* Action item
Print, exactly as they stand, the lines below from the one that has "主な計画内容 策定の背景と目的、新発田市の新エネルギー導入方針、市民・事業者・行政のそれぞれの役割など 閲覧場所" to the one that has "Grupo No. 8 de graduandos", inclusive, leaving out the pictures.

* Given entries
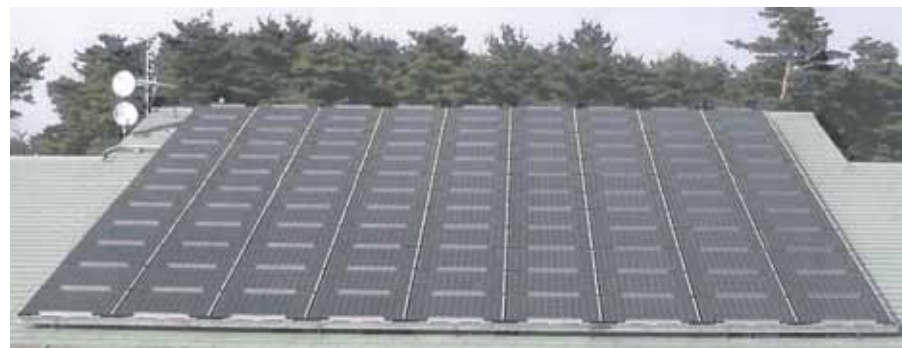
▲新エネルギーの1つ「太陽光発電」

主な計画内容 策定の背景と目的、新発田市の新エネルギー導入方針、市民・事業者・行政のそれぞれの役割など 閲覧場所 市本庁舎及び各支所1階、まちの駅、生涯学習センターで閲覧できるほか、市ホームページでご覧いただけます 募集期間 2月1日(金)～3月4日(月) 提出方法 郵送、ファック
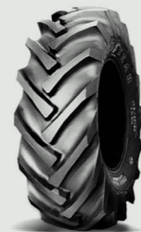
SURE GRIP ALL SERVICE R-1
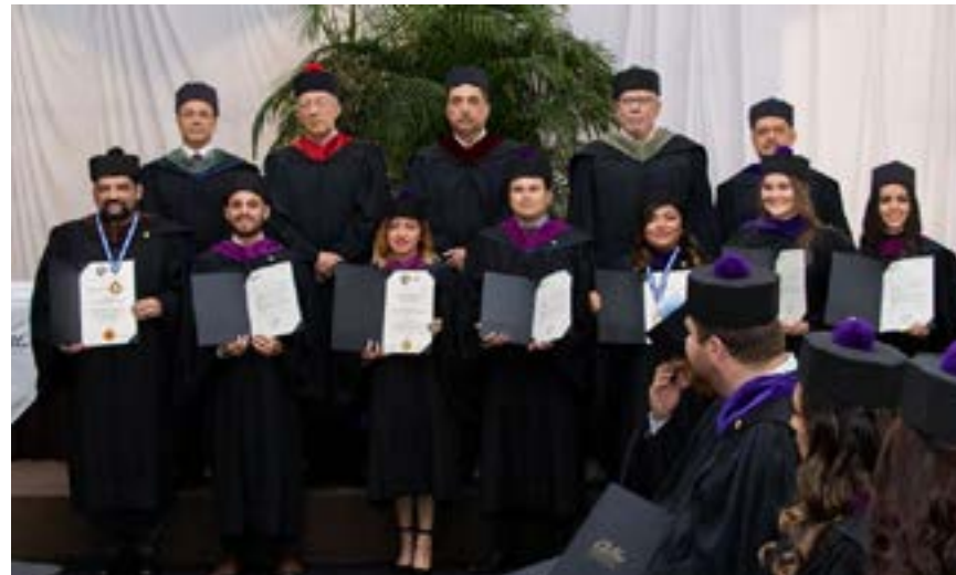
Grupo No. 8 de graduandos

...

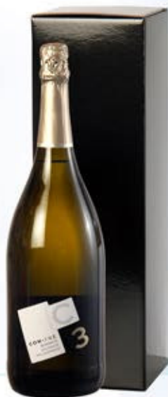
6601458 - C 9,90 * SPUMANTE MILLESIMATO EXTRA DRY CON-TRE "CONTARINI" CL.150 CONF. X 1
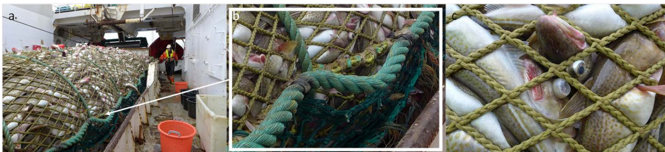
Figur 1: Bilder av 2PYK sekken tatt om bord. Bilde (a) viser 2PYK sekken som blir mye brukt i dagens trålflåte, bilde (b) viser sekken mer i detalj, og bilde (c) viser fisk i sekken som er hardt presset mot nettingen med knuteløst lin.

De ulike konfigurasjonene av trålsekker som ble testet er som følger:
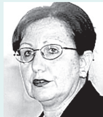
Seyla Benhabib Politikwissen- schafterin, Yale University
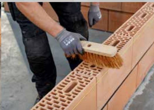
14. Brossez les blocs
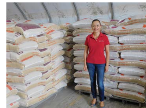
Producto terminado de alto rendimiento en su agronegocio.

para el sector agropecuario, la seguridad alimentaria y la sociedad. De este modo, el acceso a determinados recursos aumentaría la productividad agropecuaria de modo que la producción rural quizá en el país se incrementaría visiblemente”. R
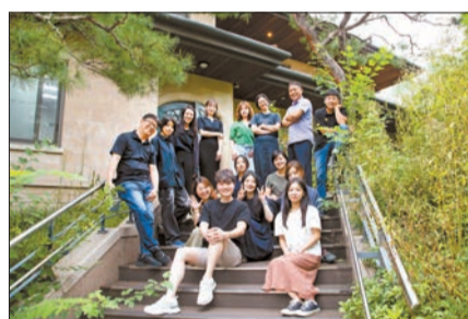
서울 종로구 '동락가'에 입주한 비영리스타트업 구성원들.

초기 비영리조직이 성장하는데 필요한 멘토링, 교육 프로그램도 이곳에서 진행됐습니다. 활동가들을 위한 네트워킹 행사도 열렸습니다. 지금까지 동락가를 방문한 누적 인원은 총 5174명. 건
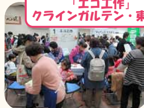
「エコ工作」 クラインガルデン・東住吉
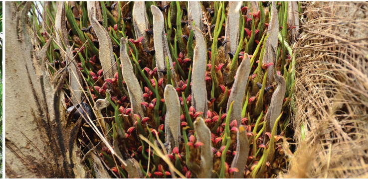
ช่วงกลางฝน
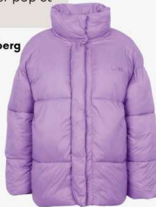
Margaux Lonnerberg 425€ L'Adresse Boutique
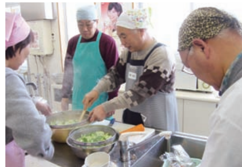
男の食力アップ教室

* Answer to this task
主な計画内容 策定の背景と目的、新発田市の新エネルギー導入方針、市民・事業者・行政のそれぞれの役割など 閲覧場所 市本庁舎及び各支所1階、まちの駅、生涯学習センターで閲覧できるほか、市ホームページでご覧いただけます 募集期間 2月1日(金)～3月4日(月) 提出方法 郵送、ファック
SURE GRIP ALL SERVICE R-1
Grupo No. 8 de graduandos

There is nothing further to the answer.